KPMG Nigeria: Naira may continue to depreciate amid decline in foreign capital inflows
April 06
13:55 2023

KPMG Nigeria says the naira faces risk of further depreciation in 2023 due to the recent decline in foreign capital importation into Nigeria. 

In an article released on Thursday, titled, ‘Precipitous Decline in Foreign Capital in a Transition Period’, the firm predicted that the country may also struggle to attract foreign capital during the year, unless crude oil and non-oil exports are increased.

The National Bureau of Statistics, in its latest report, had said capital importation into Nigeria declined by 8.53 percent in the fourth quarter (Q4) of 2022.

According to the statistics office, the total capital imported into Nigeria in the period under review, was valued at $1.06 billion — down from $1.16 billion in Q3 2022.


KPMG, in its analysis, attributed the decline in capital importation to the rounds of global economies’ monetary tightening, as well as low investor confidence due to the ambiguous foreign exchange regime.

Other factors include challenges in accessing foreign exchange, high foreign exchange volatility, unflattering ratings by Moody’s and Standards and Poors’, continuous security challenges, high cost of doing business, weak growth, high inflation and interest rates, and fiscal and monetary constraints.

The company said investors may also be finding it difficult to make certain investment decisions in a period of tense political transition.


“Capital importation figures has now shown a persistent decline from $23.9 billion in 2019, $9.65 billion in 2020, $6.70 billion in 2021, and $5.32 billion in 2022,” KPMG Nigeria said.

“The importance of capital inflows in a country where foreign exchange is in high demand to stimulate economic activity is very clear.

“Accordingly, the continuous decline in foreign capital inflows in the presence of dwindling crude oil sales, and [a] generally poor and unstable export earnings, has slowed down foreign reserves accretion and widened the foreign exchange supply gap, thereby putting pressure on the exchange rate which has depreciated for the most part since 2022.

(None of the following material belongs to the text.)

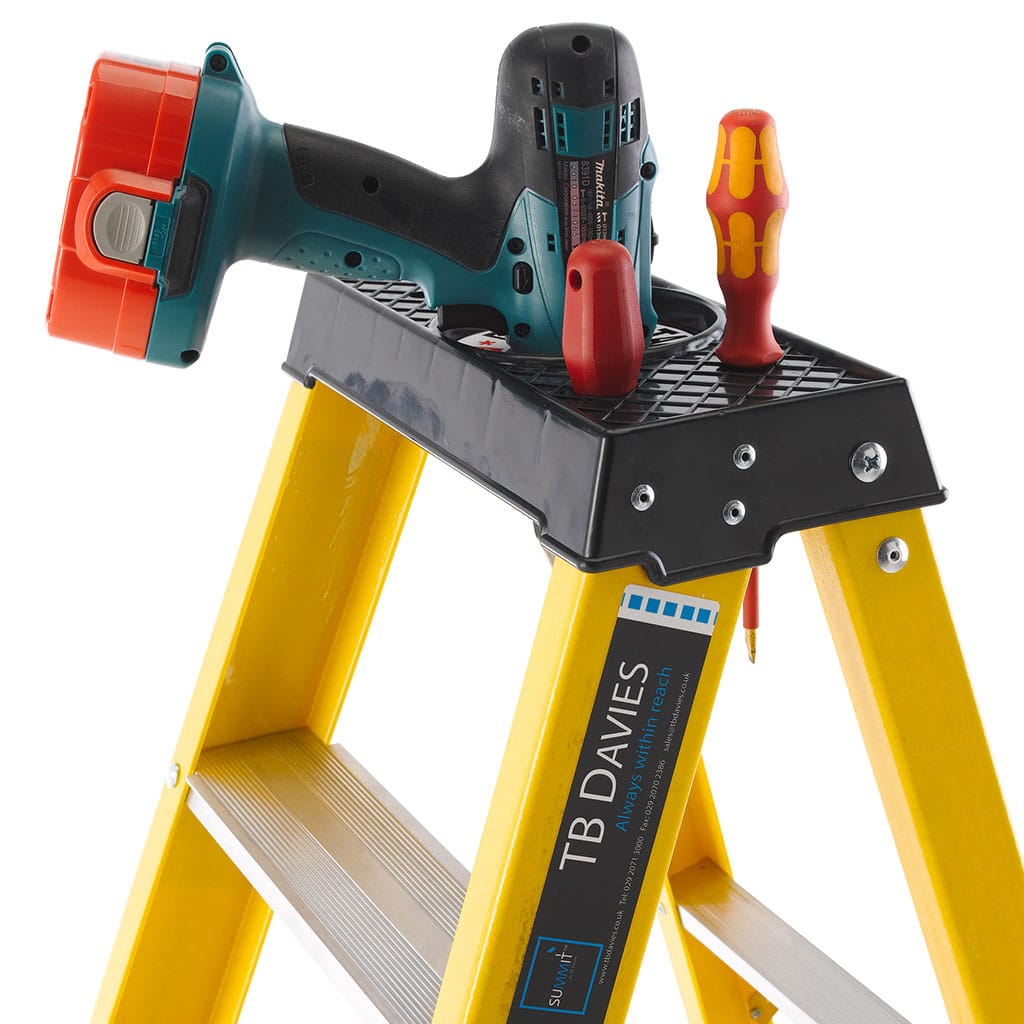 Our fibreglass stepladder range incorporates a multi-functional tool tray with non-conductive stiles, making them ideal for working around electricity. The combination of super-strong C-section fibreglass stiles and reinforced aluminium treads gives you a durable yet lightweight and easy to handle step that is perfect for the busy tradesman.

“Additionally, inadequate access to foreign exchange has constrained inputs for production leading to higher production costs, lower revenues and slower economic growth.”


KPMG Nigeria said the country is currently experiencing an economic slowdown which suggested a weakened consumer demand, hyperinflation, high interest rates and a more volatile fiscal and monetary conditions.

“While substantial reforms may yet be done to reverse the trend of declining foreign capital in the long term, we believe that in the meantime, the country will struggle to attract increasing foreign capital for most of 2023 and struggle to keep the exchange rate from depreciating further, unless it is able to boost its crude oil and non-oil exports, especially now that oil prices are once again rising,” the professional services firm said.